• Work to complete: Reproduction of part of the material below, pictures omitted: copy exactly, and only, the lines starting with the one with "- 5 pièces comprenant" and going on through the one with "Одиночные пикеты в".

• Recorded information:
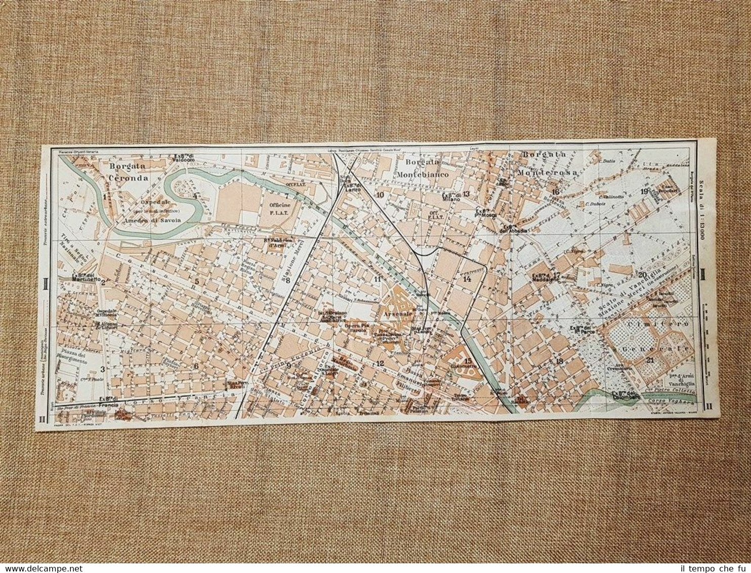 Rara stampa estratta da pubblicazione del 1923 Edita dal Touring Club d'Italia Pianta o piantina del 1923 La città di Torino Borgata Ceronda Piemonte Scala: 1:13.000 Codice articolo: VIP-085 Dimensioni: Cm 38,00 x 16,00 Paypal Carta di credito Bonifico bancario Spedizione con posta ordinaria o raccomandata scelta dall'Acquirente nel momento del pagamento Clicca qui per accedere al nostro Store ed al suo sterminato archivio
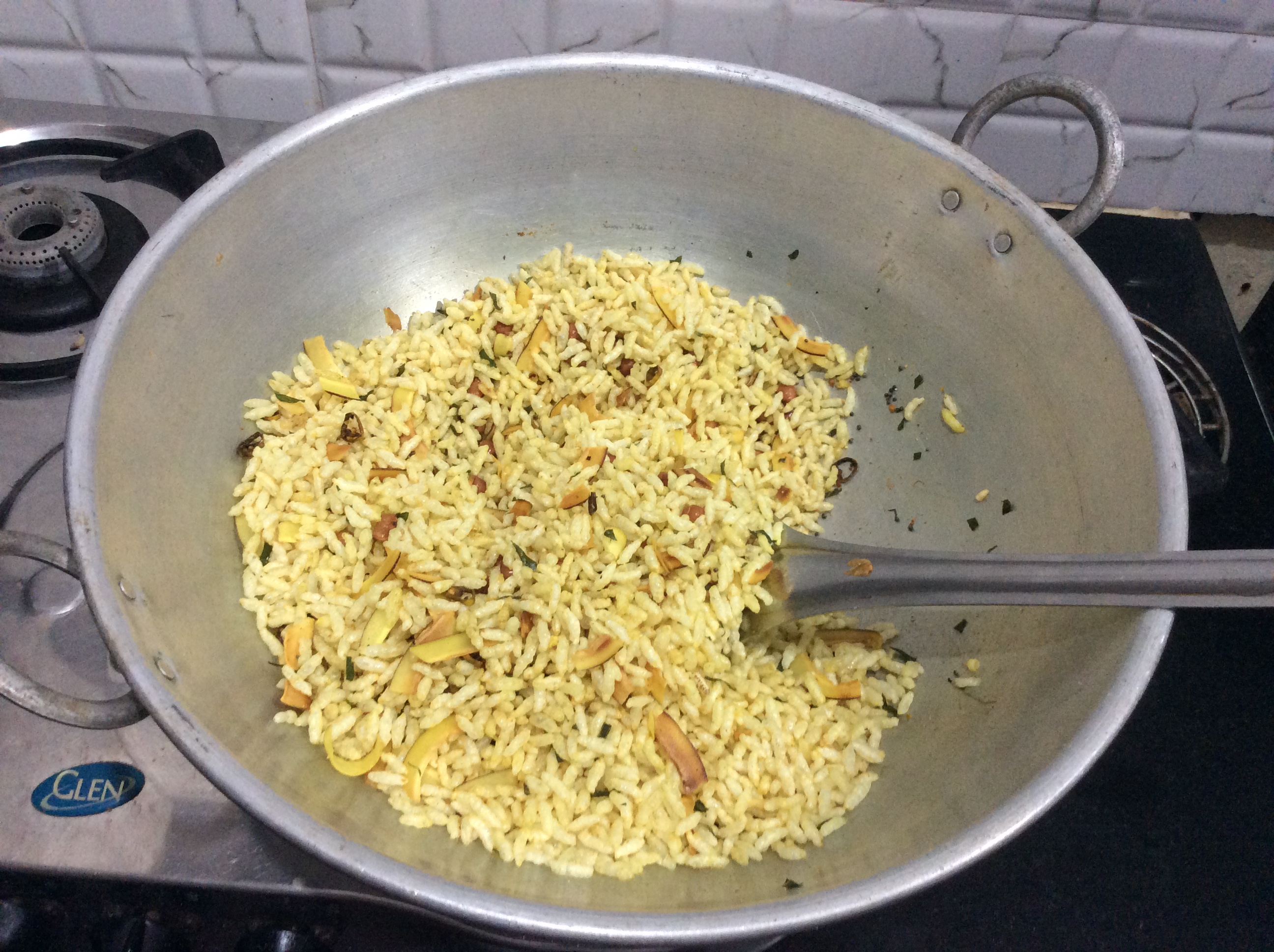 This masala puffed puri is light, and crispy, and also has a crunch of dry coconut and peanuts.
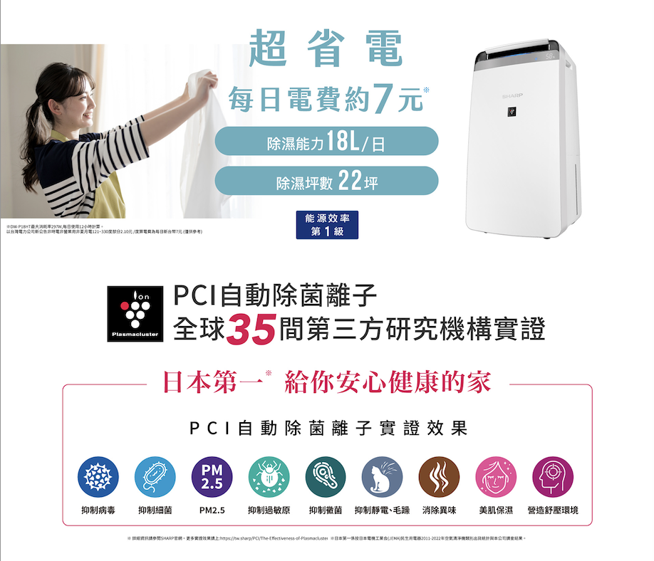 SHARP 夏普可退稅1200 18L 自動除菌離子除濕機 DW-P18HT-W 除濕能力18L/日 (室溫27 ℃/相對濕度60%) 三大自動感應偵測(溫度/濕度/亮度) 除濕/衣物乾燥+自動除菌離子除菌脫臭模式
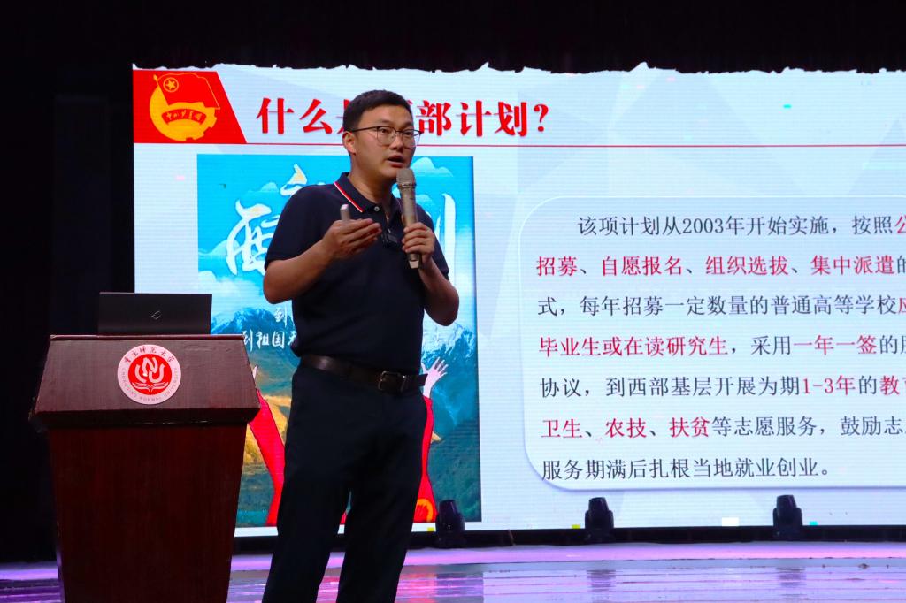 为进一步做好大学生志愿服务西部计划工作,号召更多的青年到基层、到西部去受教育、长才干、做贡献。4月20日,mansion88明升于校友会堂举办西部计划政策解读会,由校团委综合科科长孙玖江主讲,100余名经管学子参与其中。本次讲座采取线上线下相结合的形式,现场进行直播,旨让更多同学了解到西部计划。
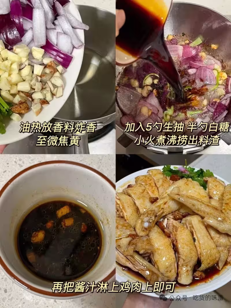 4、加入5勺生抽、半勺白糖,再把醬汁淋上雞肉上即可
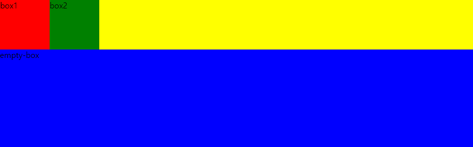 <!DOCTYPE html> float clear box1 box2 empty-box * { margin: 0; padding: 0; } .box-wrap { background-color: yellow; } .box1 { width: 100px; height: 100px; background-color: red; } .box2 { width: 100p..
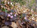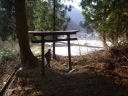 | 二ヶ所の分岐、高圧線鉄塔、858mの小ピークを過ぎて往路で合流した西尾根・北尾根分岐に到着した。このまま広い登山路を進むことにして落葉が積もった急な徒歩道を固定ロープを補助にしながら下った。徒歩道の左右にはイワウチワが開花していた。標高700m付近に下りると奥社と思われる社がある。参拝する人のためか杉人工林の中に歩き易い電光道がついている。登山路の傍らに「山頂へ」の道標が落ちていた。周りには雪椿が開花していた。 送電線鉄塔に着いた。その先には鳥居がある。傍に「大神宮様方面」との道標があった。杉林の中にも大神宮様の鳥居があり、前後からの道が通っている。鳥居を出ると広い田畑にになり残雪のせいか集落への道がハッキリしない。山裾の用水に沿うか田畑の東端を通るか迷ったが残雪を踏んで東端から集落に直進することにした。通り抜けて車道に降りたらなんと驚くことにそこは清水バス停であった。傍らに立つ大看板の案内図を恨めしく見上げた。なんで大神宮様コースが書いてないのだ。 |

* * *

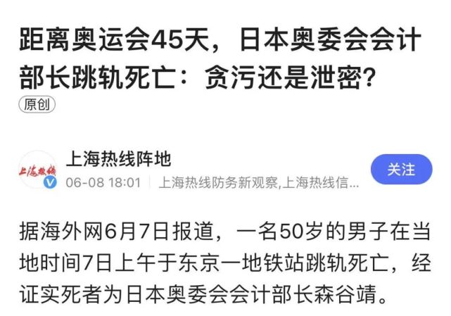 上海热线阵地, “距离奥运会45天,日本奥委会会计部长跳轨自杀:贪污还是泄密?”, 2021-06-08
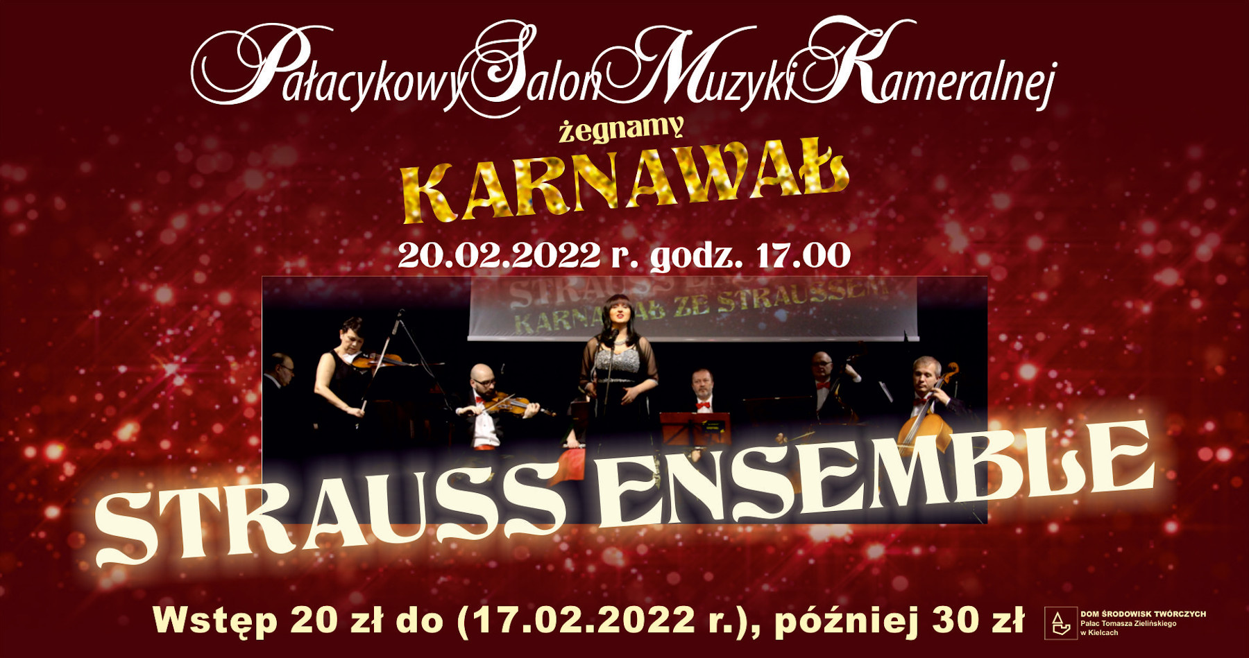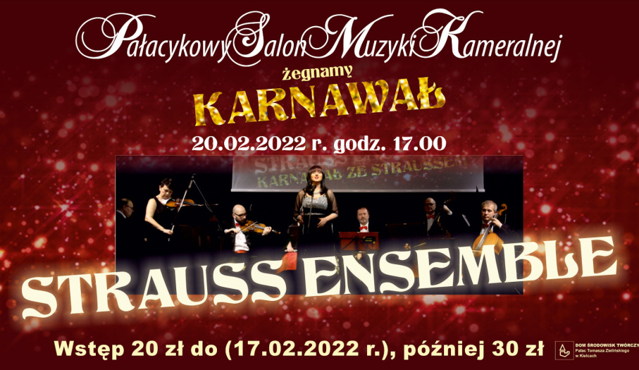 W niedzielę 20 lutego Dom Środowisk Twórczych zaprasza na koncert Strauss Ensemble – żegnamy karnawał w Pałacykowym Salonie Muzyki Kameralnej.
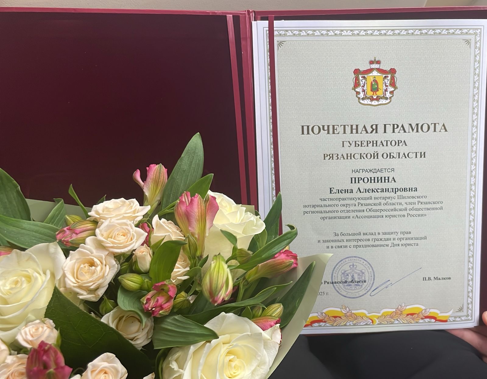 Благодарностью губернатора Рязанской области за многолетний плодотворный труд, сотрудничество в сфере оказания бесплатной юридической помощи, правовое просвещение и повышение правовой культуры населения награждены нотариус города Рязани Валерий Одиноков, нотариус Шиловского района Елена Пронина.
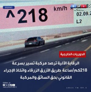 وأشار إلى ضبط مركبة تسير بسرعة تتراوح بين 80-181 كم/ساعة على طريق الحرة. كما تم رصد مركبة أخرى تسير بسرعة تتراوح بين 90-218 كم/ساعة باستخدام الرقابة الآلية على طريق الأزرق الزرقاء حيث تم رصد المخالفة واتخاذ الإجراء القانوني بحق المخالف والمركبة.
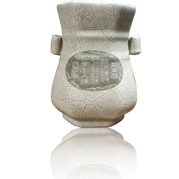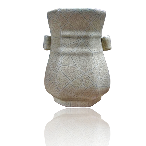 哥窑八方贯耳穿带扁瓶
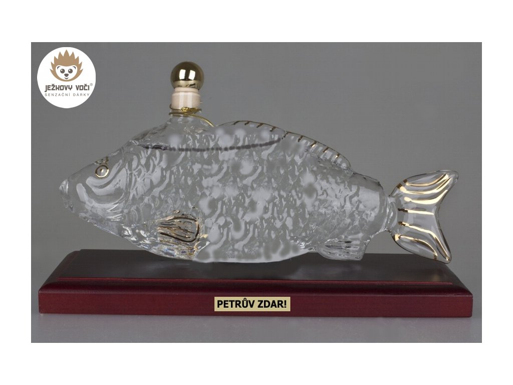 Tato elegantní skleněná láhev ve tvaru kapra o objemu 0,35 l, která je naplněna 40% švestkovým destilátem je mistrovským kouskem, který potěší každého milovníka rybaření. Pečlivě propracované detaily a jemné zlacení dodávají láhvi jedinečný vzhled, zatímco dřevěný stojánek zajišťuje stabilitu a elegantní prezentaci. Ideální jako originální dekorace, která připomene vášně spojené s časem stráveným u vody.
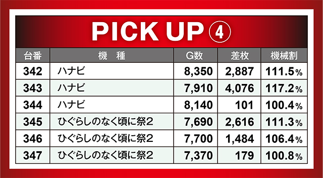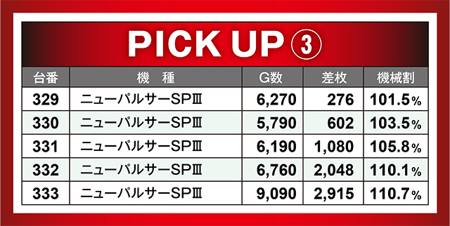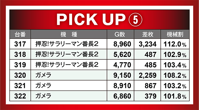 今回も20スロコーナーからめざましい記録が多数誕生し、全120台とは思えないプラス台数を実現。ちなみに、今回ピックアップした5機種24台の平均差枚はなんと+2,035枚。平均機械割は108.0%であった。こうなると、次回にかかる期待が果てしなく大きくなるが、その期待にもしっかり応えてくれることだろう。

--

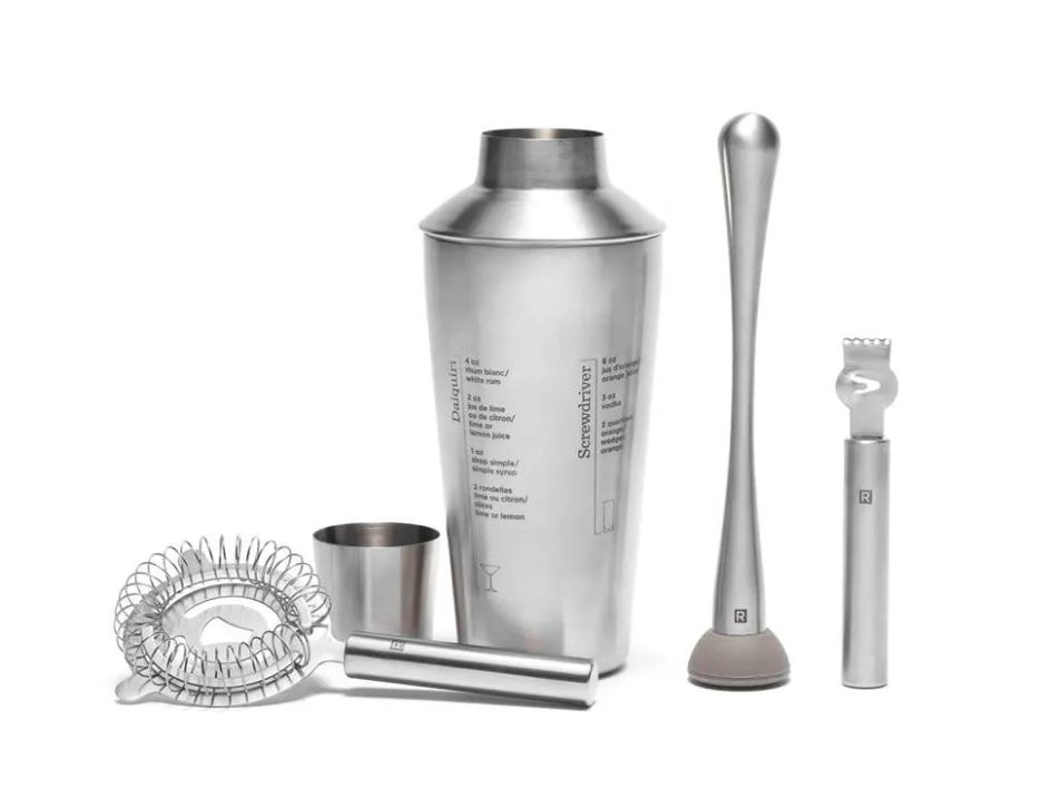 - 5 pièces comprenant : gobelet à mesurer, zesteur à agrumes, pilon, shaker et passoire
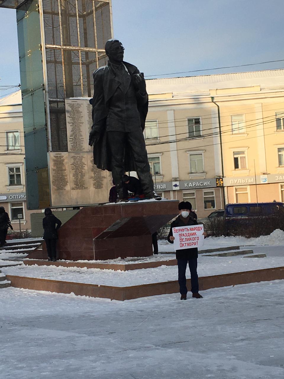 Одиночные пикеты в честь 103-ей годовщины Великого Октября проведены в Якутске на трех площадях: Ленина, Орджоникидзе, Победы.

• Answer for this exercise:
 - 5 pièces comprenant : gobelet à mesurer, zesteur à agrumes, pilon, shaker et passoire
 Одиночные пикеты в честь 103-ей годовщины Великого Октября проведены в Якутске на трех площадях: Ленина, Орджоникидзе, Победы.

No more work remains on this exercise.